Hmm. Well I can tell you that it will never run at 2400mhz. Sandy was limited to 2133mhz. You can go higher with more Bclk if you wanted to go that route. Are you setting the ram voltage as well?
Try this:
- Set ram speed to: 1600
- Set ram voltage to: 1.6v
- Set the timings to: 11-11-11-31 1T
- Set "'Row Refresh Cycle Time tRFC" to: 200
Leave everything else at auto. And see if that works. I went through a similar issue with my Z77 in my sig. I could not get all 4 dimms to run at anything higher than 1600. No matter the timings / votlage etc. One day just goofing around I found the answer. Tightening up the CAS timing let me run at 2133mhz, lol. Turns out anything higher than CAS 10 on this board (with all four dimms populated) = No boot.
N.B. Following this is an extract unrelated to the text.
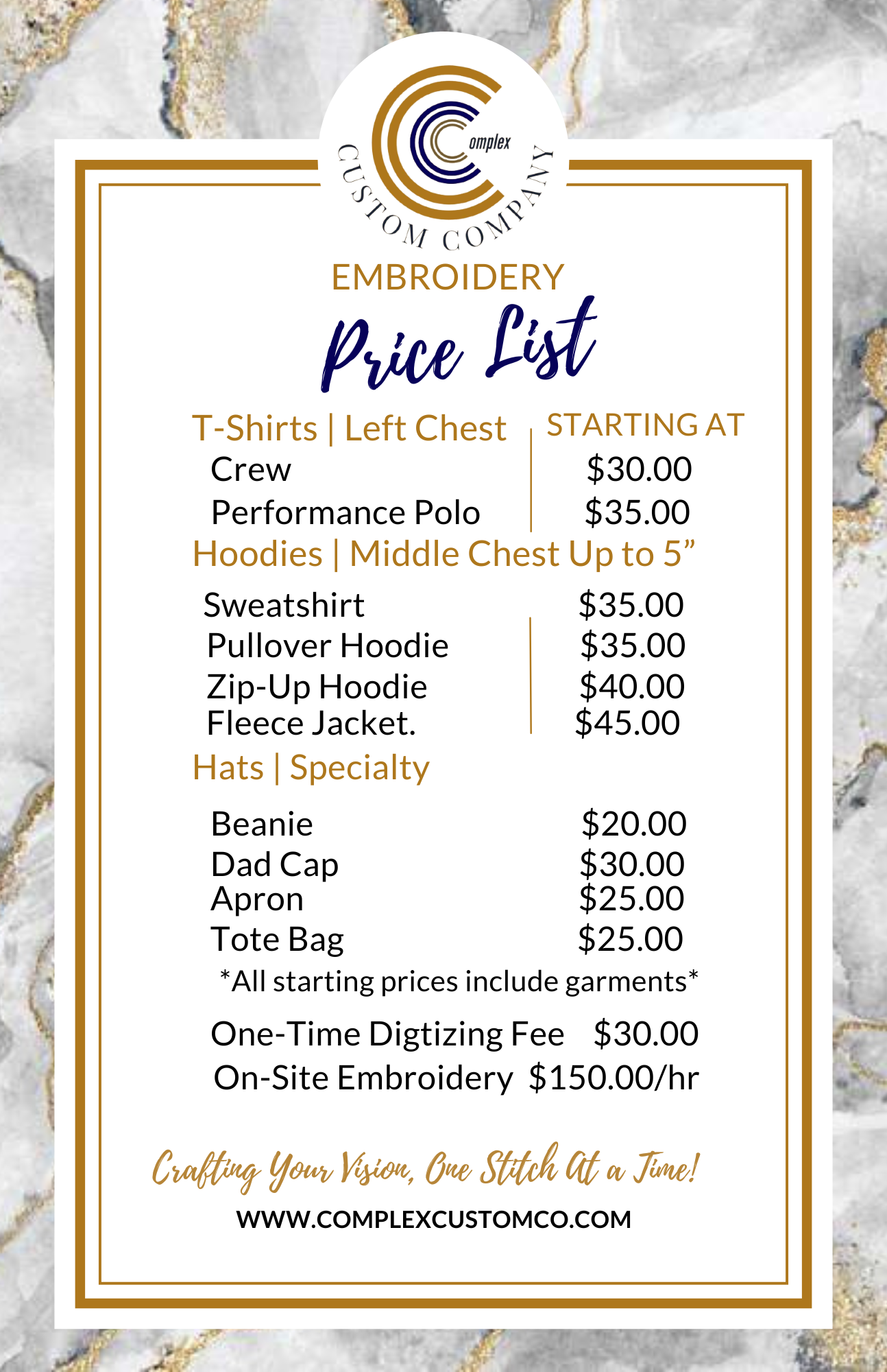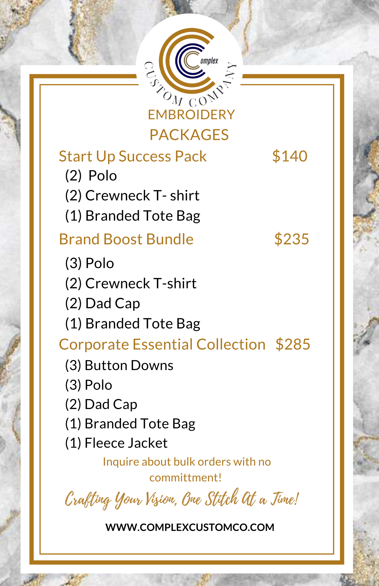 Thank you for your interest in working with Complex Custom Company! Beyond the Logo, We See You! Let’s Stitch Your Story Today!

Apply the XMP but manually lower the speed of the ram to 2000MHz, then set 1.15v VCCIO, that should be plenty enough to get you 2000MHz stable anyway, probably 2133MHz if you're lucky.
I entered 200 under tRFC and rechecked it twice over and a no go.
The voltage number 1.15 under VCCSA and no luck. The only thing I have to work with immediately is Manual option giving BCLK/PEG 80 to 300 and as far as I could go on that was 104 3224ghz an 1399Mhz. My CPU can go to 3.4 even though its an i5 2400.
I entered 200 under tRFC and rechecked it twice over and a go.
The voltage number 1.15 under VCCSA and no luck. The only thing I have to work with immediately is Manual option giving BCLK/PEG 80 to 300 and as far as I could go on that was 104 3224ghz an 1399Mhz. My CPU can go to 3.4 even though its an i5 2400.
no luck choosing 1866 and setting your voltage recommendations. I tried doodling around with ASUS OC Tuner and it shifted my supposed locked cpu to 3.5 ghz. and then tunning my ram to 1372mhz. weird.
no luck choosing 1866 and setting your voltage recommendations. I tried doodling around with ASUS OC Tuner and it shifted my supposed locked cpu to 3.5 ghz. and then tunning my ram to 1372mhz. weird.
that fact that your ram is at that speed means you're playing with the BCLK, please trust me when I say you don't really want to be doing that, causes more problems than it's worth
uh huh, well thx for your help. I'll looking into another board in the near future. An hopefully the manufacturer sticks to what it says on the box.